Glenn Okun passes on this ready-to-go case:  What locations should Four Seasons Hotels & Resorts consider for expansion?

From the WSJ, Sept 5, 2012:

Rebounding nicely from a drop-off in demand for luxury travel during the recession of the late 2000s, Four Seasons Hotels & Resorts now is looking for the next big thing. Or rather, says president and CEO Katie Taylor, the next big place.

Toronto-based Four Seasons operates 90 hotels world-wide (30 in the U.S.), including two that opened on Tuesday in China and Azerbaijan, and has more than 50 additional properties in development—most of those overseas as well. Among its planned destinations: Serengeti National Park in Tanzania and Indian technology hub Bangalore.

If you were a consultant to Four Seasons, what locations would you recommend?  More concretely:  (a) What criteria would you use?  Looking at its current locations, what criteria does Four Seasons seem to use?  (b) What kinds of information would you need to assess whether a given location fits these criteria?  Where would you find this information?  (c) What locations would you recommend?  Why?  

Post answers in comments.  Best one gets some kind of prize, to be negotiated.


2 Responses to “Mini-Case: The Next Big Place”

  1. Apoorva Vadi Says:

    a) I would look at incomes in developing countries whose manufacturing or technology sectors have expanded in the last 10 years, thus lowering the income gaps between the upper-middle class and the upper class. I’d also consider labor rates in countries which are developing their tourism. Looking at it’s current locations I think they are doing something similar. They are also considering business centers in the east visited often by business partners from the west.

    b) I would use past 10 years of economic income data of emerging economies and look at the change in incomes of middle class and the upper middle class as these categories of consumers in emerging markets tend to have high ‘aspirational’ desires and have a greater tendency for discretionary spending and luxury travel. It’s human psychology to display/express our newly acquired economic status to attain higher social status.
    I’d also look at labor rates data in emerging markets that are promoting tourism, since opening hotels in these locations would lower the hotel room rates and thus attract more customers to choose luxury hotels. (I think all the above mentioned data is available for free as part of census data.)

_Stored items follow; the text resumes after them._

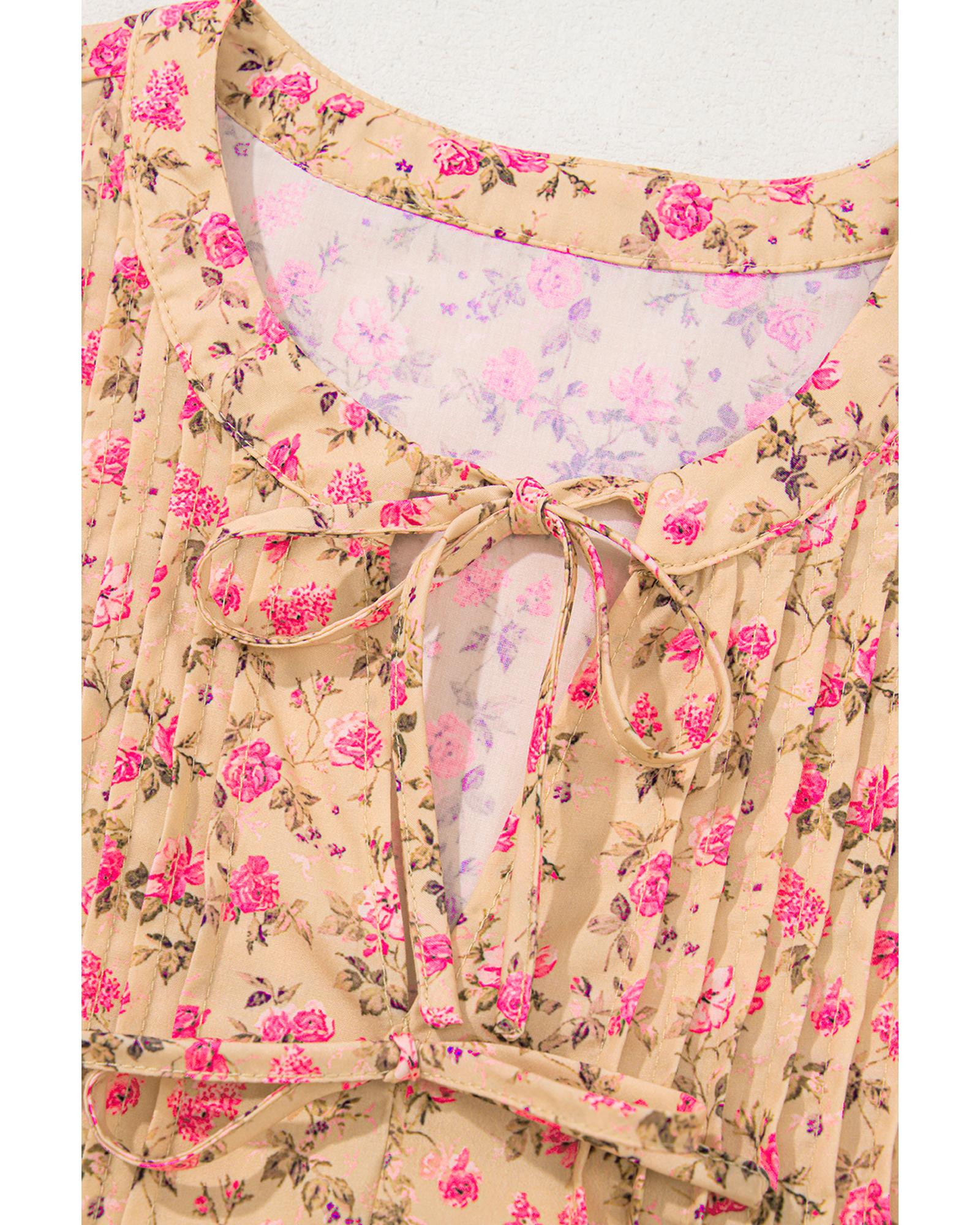 Light French Beige Floral Print Bow Pintuck Bust Half Puff Sleeve Blouse Top – S
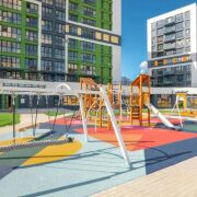 Спортивные площадки, велопарковки и благоустроенные дворы.
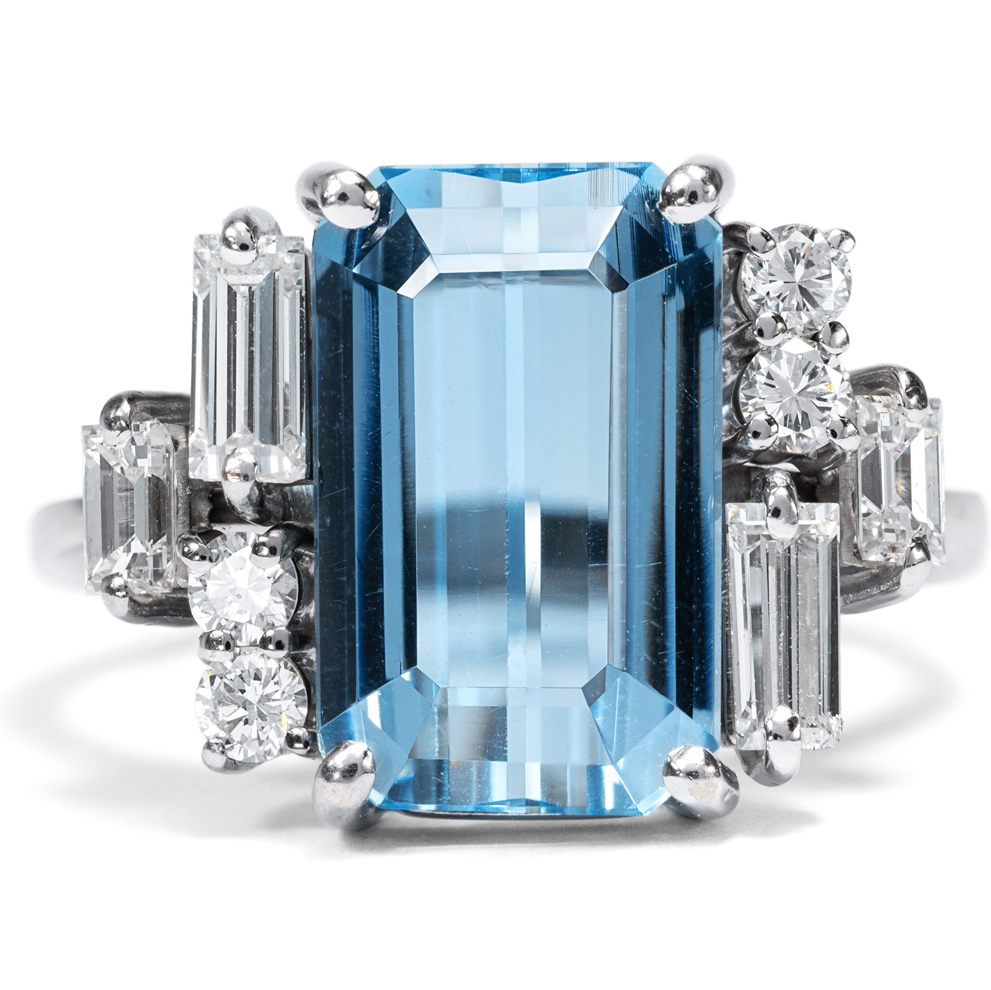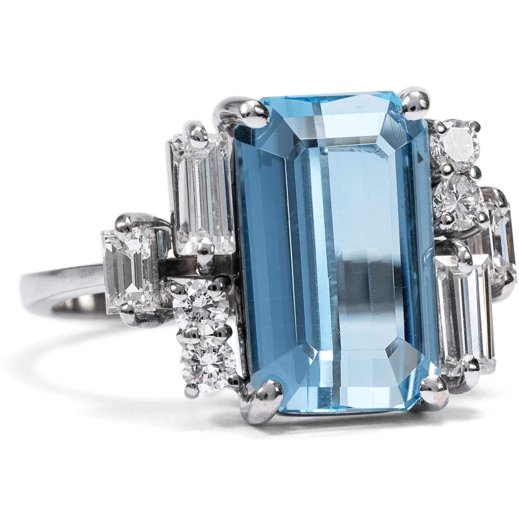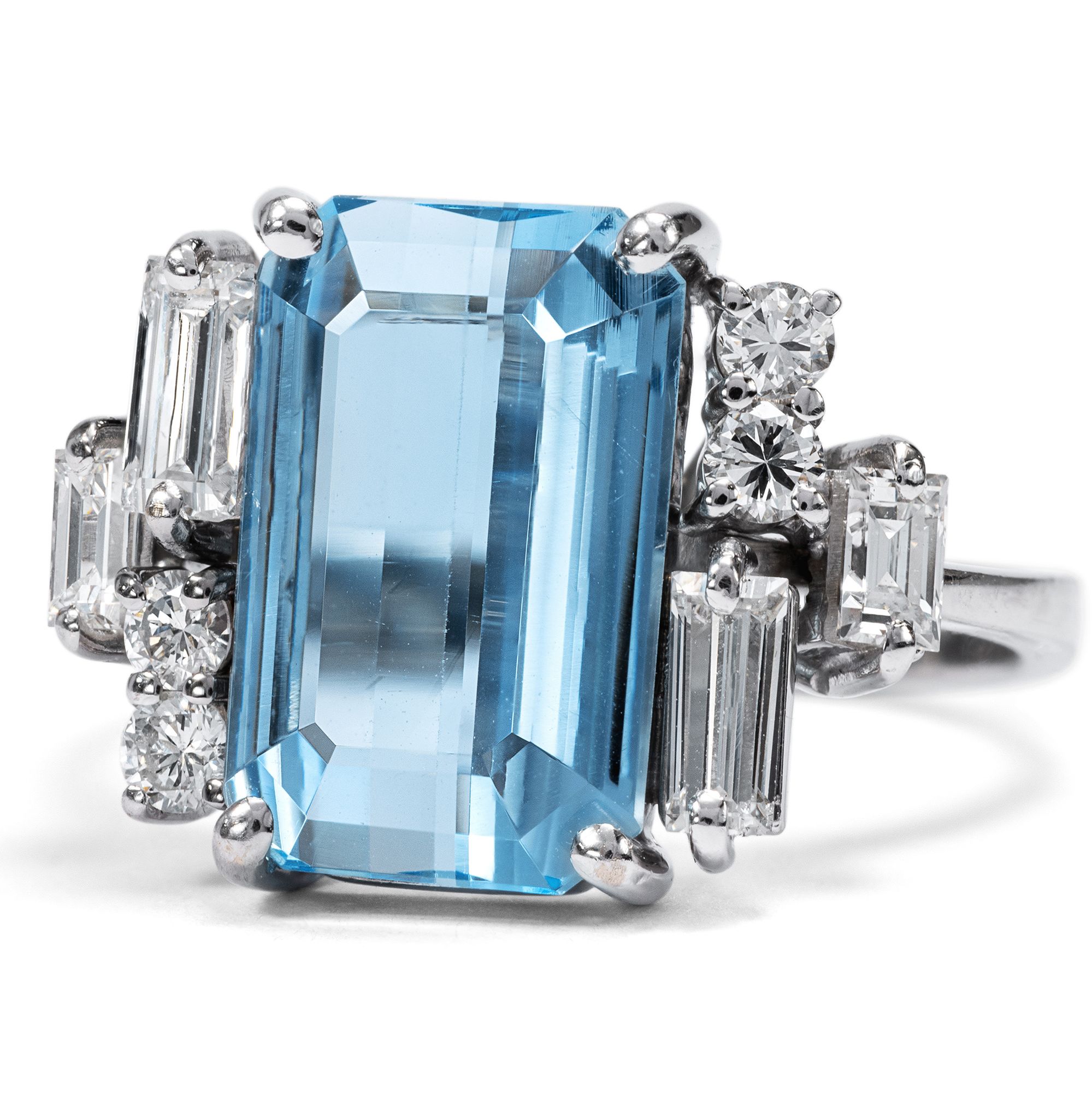 Die sanfte Ausstrahlung des Aquamarins ist Thema zahlreicher Legenden der klassischen Antike: Überlieferungen zufolge soll der Edelstein den Gott des Meeres Poseidon besänftigen können. So sollen Seeleute bei wüsten Stürmen einst Aquamarine über Bord geworfen haben, um die tosende Wut des Meeresgottes zu lindern. Glitzernd und funkelnd wie das Wasser eines luxuriösen Swimmingpools wirkt der feine Aquamarin im vorliegenden Ring, der in den 1960er Jahren entstanden ist. Der achteckig facettierte Aquamarin besitzt eine intensive, kräftige Farbe und wird durch dezente Krappen aus hochkarätigem Weißgold gehalten und damit schlicht und eindrucksvoll inszeniert. Vier Diamanten im Baguetteschliff und vier Brillanten auf den Ringschultern fügen dem Entwurf feine Lichtakzente hinzu und bereichern das Schmuckstück um ihr weißes Licht. Diamanten im Baguetteschliff und Brillanten zu kombinieren war eine Vorliebe der 1960er Jahre, ebenso wie der frostige, elegante Look des Weißgoldes. Spannend ist die gestufte Anordnung der Diamanten auf den Ringschultern, die in unterschiedlichen Ebenen funkeln. Insgesamt sind mehr als 0,80 ct Diamanten erstklassiger Qualität verarbeitet. Wir haben den Ring hier in Berlin erwerben können. Entstanden ist der Ring sehr wahrscheinlich in Deutschland.
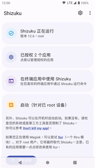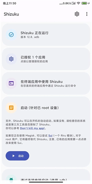 3、Shizuku还提供了通过连接电脑启动(ADB)、通过无线调试启动、以及ROOT启动三种方式,以通过ADB权限进行解决像是冻结应用等功能,让用户更好地管理他们设备上的应用程序,从而提高他们的工作和生活效率。
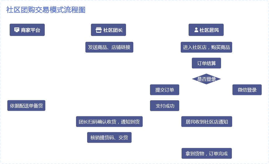 以社區為單位,由寶媽或店主成為團長,在線上借助微信群、小程序等組織社區居民拼團、線下完成交付,當日線上下單、次日社區內自提,由平臺提供采購、物流倉儲及售后支持。按銷售額,團長抽取一定比例傭金。
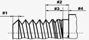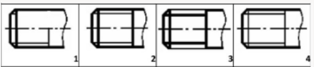Расположите обозначения частей резьбы в следующем порядке: сбег, фаска, недовод, недорез (см. рисунок ниже):
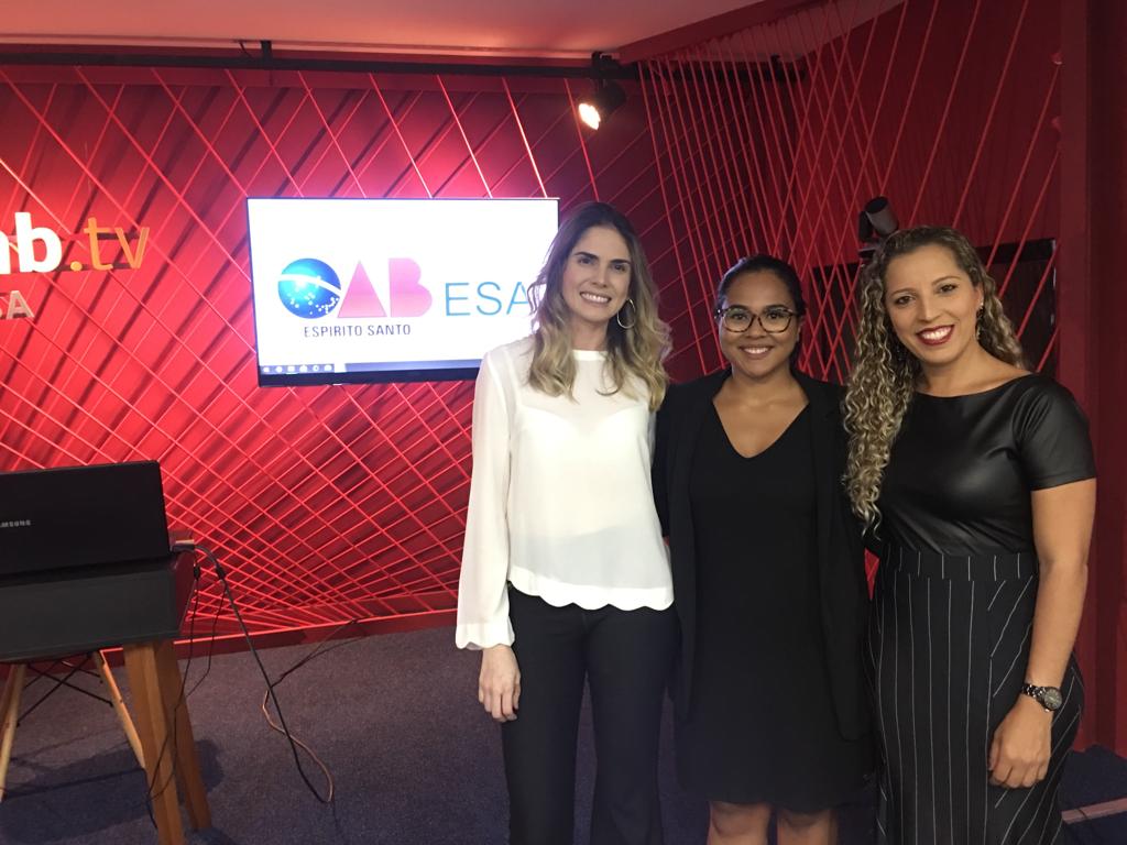 A coordenadora da série Papo de Família, advogada Geovanna Lourenzini, entre as palestrantes Mariana De Nadai e Kamila Barbosa

    c) I would recommend opening hotels in cities in India, China, Thailand, Korea and some East European emerging markets such as the Czech Republic. I’d also recommend popular vacation spots in Africa and the Middle East.

  2. David Backus Says:

    As often happens, the more I think about this the more issues pop up. One thing I’d like to know is the customer base. Business or pleasure? Does it vary by location? Also, where do the customers come from? If anyone knows how to get information like this, even fuzzy information, please pass it on.